EXERCISE. Please output exactly the lines from the one that holds "Very easy to" through the final line of the data, and nothing else; leave out any pictures.

THE DATA Block Start

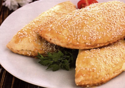 un aluat moale. Presari cu făină scândura de aluat şi împărţi aluatul în 10 „mingi”. Din fiecare „minge” întinzi o foaie cu grosime de 1 cm. Cu un pahar decupezi cercuri de aluat şi pui în centrul fiecărui cerc umplutură, apoi îndoi, lipind marginile.
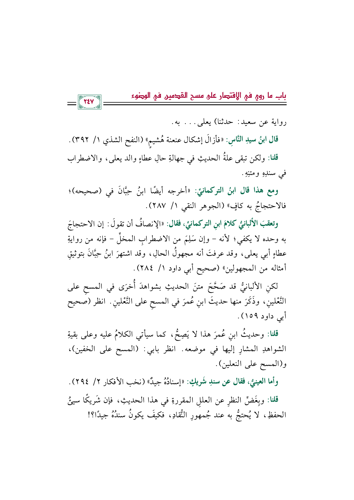 وتعقبَ الألبانيُّ كلامَ ابنِ التركمانيِّ، فقال: "الإنصافُ أن تقولَ: إن الاحتجاجَ به وحده لا يكفي؛ لأنه -وإن سَلِمَ من الاضطرابِ المخلِّ- فإنه من روايةِ عطاءٍ أبي يعلى، وقد عرفتَ أنه مجهولُ الحالِ، وقد اشتهرَ ابنُ حِبَّانَ بتوثيقِ أمثاله من المجهولين" (صحيح أبي داود ١/ ٢٨٤).
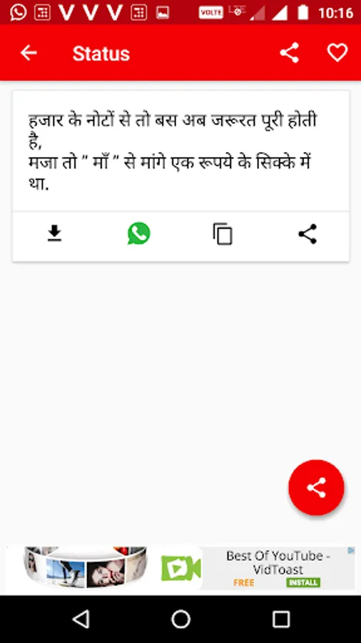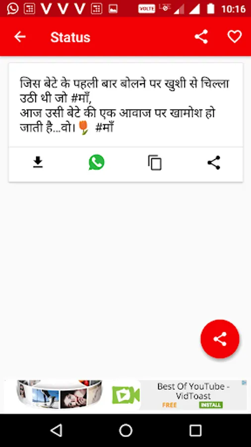 Very easy to use interface just swipe left and right to read the best status for mom in Hindi and easily set that as your WhatsApp status or FB status.
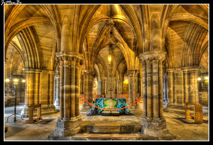 La Catedral de Glasgow, también conocida como High Kirk de Glasgow o la catedral de San Mungo. Fue consagrada en 1197. La catedral de Glasgow adoptó el culto protestante durante la reforma escocesa, lo que la salvó de la destrucción. Es un ejemplo de la arquitectura gótica pre-reformista.
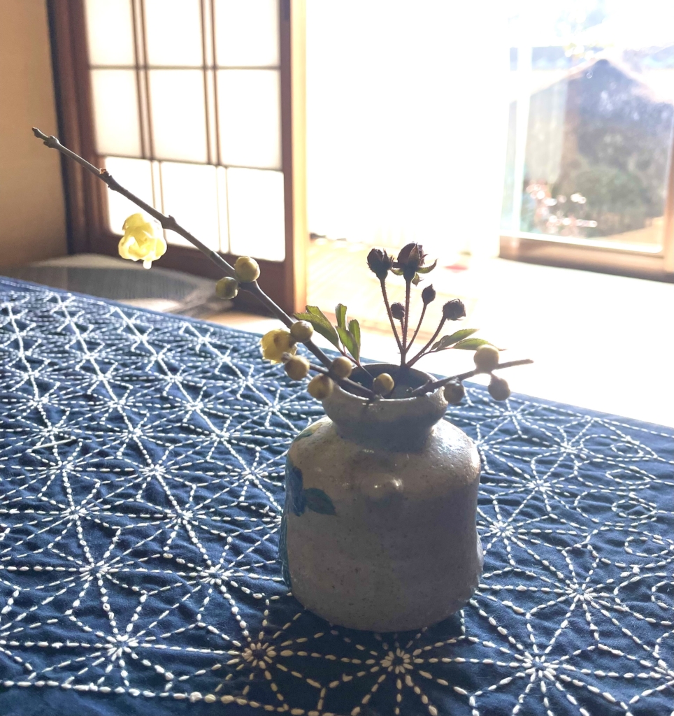 今日は納品があるということで机には「蝋梅とバラの花」を飾られており🌸

THE DATA Block End

EXPECTED ANSWER.
 Very easy to use interface just swipe left and right to read the best status for mom in Hindi and easily set that as your WhatsApp status or FB status.
 La Catedral de Glasgow, también conocida como High Kirk de Glasgow o la catedral de San Mungo. Fue consagrada en 1197. La catedral de Glasgow adoptó el culto protestante durante la reforma escocesa, lo que la salvó de la destrucción. Es un ejemplo de la arquitectura gótica pre-reformista.
 今日は納品があるということで机には「蝋梅とバラの花」を飾られており🌸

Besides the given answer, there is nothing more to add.